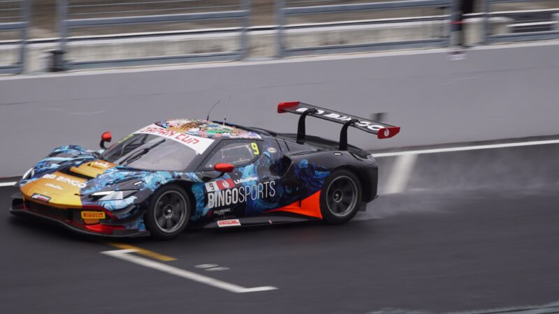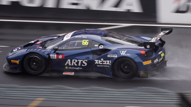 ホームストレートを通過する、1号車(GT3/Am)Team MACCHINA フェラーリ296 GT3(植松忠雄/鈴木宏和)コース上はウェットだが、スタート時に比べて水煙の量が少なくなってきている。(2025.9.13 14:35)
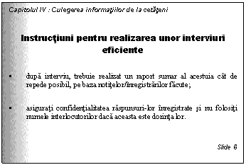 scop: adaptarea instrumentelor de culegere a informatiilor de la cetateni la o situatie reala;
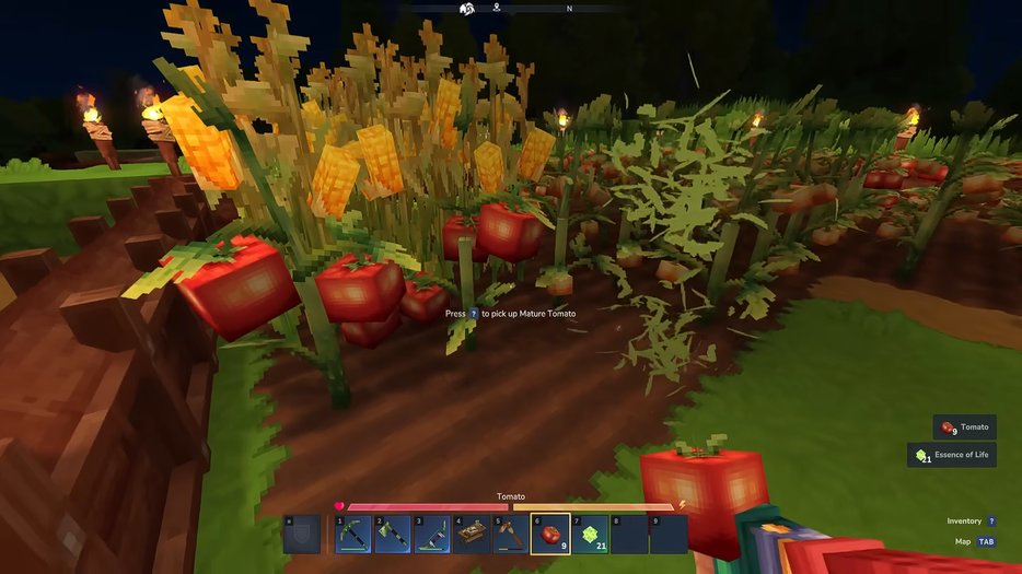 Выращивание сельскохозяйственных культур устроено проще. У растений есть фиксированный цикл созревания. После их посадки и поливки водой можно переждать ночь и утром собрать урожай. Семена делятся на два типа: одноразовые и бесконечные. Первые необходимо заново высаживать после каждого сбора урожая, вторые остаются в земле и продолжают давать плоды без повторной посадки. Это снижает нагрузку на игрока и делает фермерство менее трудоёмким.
==
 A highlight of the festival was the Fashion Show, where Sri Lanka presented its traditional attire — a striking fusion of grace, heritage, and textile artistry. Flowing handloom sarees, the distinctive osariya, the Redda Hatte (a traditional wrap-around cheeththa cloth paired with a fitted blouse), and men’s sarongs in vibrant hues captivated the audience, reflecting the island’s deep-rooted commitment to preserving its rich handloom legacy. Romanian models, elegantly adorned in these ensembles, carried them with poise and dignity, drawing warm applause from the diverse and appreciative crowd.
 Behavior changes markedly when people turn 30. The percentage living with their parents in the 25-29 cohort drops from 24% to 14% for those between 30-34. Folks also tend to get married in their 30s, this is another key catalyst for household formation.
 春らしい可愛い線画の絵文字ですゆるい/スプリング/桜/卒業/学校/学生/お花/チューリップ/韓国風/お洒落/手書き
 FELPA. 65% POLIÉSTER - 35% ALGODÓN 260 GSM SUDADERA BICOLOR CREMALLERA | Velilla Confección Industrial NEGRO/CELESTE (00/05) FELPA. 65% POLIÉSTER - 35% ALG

Requirement
From the records above, give again exactly the lines running from the line with "Behavior changes markedly" to the line with "FELPA. 65% POLIÉSTER - 35% ALGODÓN", inclusive.

Result below
 Behavior changes markedly when people turn 30. The percentage living with their parents in the 25-29 cohort drops from 24% to 14% for those between 30-34. Folks also tend to get married in their 30s, this is another key catalyst for household formation.
 春らしい可愛い線画の絵文字ですゆるい/スプリング/桜/卒業/学校/学生/お花/チューリップ/韓国風/お洒落/手書き
 FELPA. 65% POLIÉSTER - 35% ALGODÓN 260 GSM SUDADERA BICOLOR CREMALLERA | Velilla Confección Industrial NEGRO/CELESTE (00/05) FELPA. 65% POLIÉSTER - 35% ALG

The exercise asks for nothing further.